232- Add the provider to the appropriate list in
233  `TestTestConnectionPublicModelsAuthGatedChatRegression` (for chat-probe
234  providers) or `TestTestConnectionOpenAICompatAllowlistUsesModelsProbe` (for
235  allowlist providers).
236
237---
238
239## Decision log
240
241### Why allowlist, not default-allow, for `openai-compat` `/models`?
242
243The regression that motivated this document was exactly "default-allow." Commit
244`7d14abb9` (2025-10-20) expanded the `/models` check from `TypeOpenAI` to all
245`openai-compat` providers, silently turning every gateway with a public model
246catalog into a false-positive validator. A default-deny allowlist makes new
247providers opt in explicitly — the cost is one line per provider; the benefit is
248no more silent regressions of this shape.
249
250### Why is ZAI special?
251
252ZAI's `/models` endpoint is authoritative about bad keys (always `401`) but
253noisy about valid keys (returns assorted non-`200` statuses, seemingly depending
254on backend state). Folding it into `classifyAuthGated` would regress valid-key
255detection, since everything except `200` would be classified as
256`ErrValidationUnsupported`. The ZAI classifier treats `401` as invalid and
257everything else as valid.
258
259This is fragile — if ZAI ever changes their endpoint so `401` is no longer
260specific to auth, the classifier becomes wrong. It is documented here so the
261next person to touch it knows why it exists.
262
263### Why is MiniMax in the provider-ID switch and not the `TypeAnthropic` branch?
264
265MiniMax's base URL is `https://api.minimax.io/anthropic`, which means
266`{base}/models` resolves to `/anthropic/models` — a 404. The correct endpoint is
267`{base}/v1/models`. The `TypeAnthropic` default assumes the base URL already
268ends in `/v1`, which holds for native Anthropic but not for MiniMax. Rather than
269special-case the type branch, MiniMax gets its own explicit probe entry.
270
271A previous bug (commit `cce8edf9`, 2026-04-23) removed MiniMax's validation
272entirely by returning `nil` unconditionally.

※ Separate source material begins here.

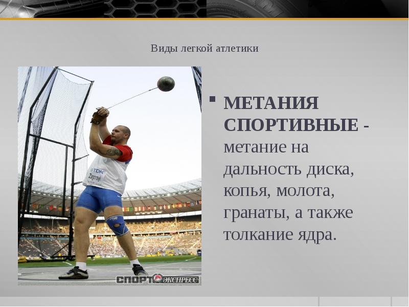 - 6. Виды легкой атлетики МЕТАНИЯ СПОРТИВНЫЕ - метание на дальность диска, копья,
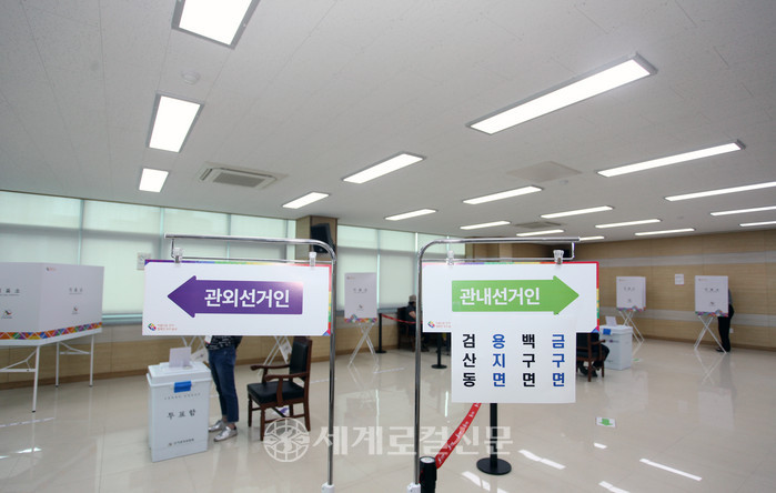[세계로컬신문 조주연 기자] 8일부터 6·13 지방선거 사전투표가 진행되고 있는 가운데 전북 김제시 검산동 주민센터 2층에 설치된 사전투표소 내에 관외선거인과 관내선거인을 안내하는 표지판이 방문객을 맞이하고 있다.

Don't reintroduce that.
273
274### Why does Google need its own classifier?
275
276Google returns `400 INVALID_ARGUMENT` for unknown API keys, not `401`. If
277`classifyAuthGated` were used, bad Google keys would produce `400` →
278`ErrValidationUnsupported` → "saved, not verified" — downgrading a real auth
279failure into a soft warning. `classifyGoogleModels` adds `400` to the invalid
280bucket specifically for this case.
281
282### Why not push all this into catwalk?
283
284Probe metadata (method, path, classifier kind) is provider-identity data and
285arguably belongs alongside the rest of the catwalk provider definition. The
286classifier functions and UI mapping are crush-specific behavior and should stay
287here.
288
289This refactor hasn't been done yet because the set of providers and classifiers
290is still small enough that the indirection cost (catwalk schema change, version
291bump, fallback for older catwalks) outweighs the benefit. If the allowlist or
292classifier set grows significantly, revisit this decision.
293
294---
295
296## Regression history
297
298| Date       | Commit     | Effect                                                                                                                                                              |
299| ---------- | ---------- | ------------------------------------------------------------------------------------------------------------------------------------------------------------------- |
300| 2025-10-20 | `7d14abb9` | Expanded `TestConnection` from `openai` to `openai-compat` with generic `/models` probe. Silently false-validated bad keys for ~10 providers with public `/models`. |
301| 2026-04-23 | `cce8edf9` | Removed MiniMax's format-prefix guard, causing `TestConnection` to return `nil` unconditionally for MiniMax / MiniMax China.                                        |
302| (current)  | (this PR)  | Replaced generic `/models` with per-provider probes, added `ErrValidationUnsupported` sentinel, wired UI "saved (not verified)" state.                              |
303
304Any future regression in this layer should be recorded here.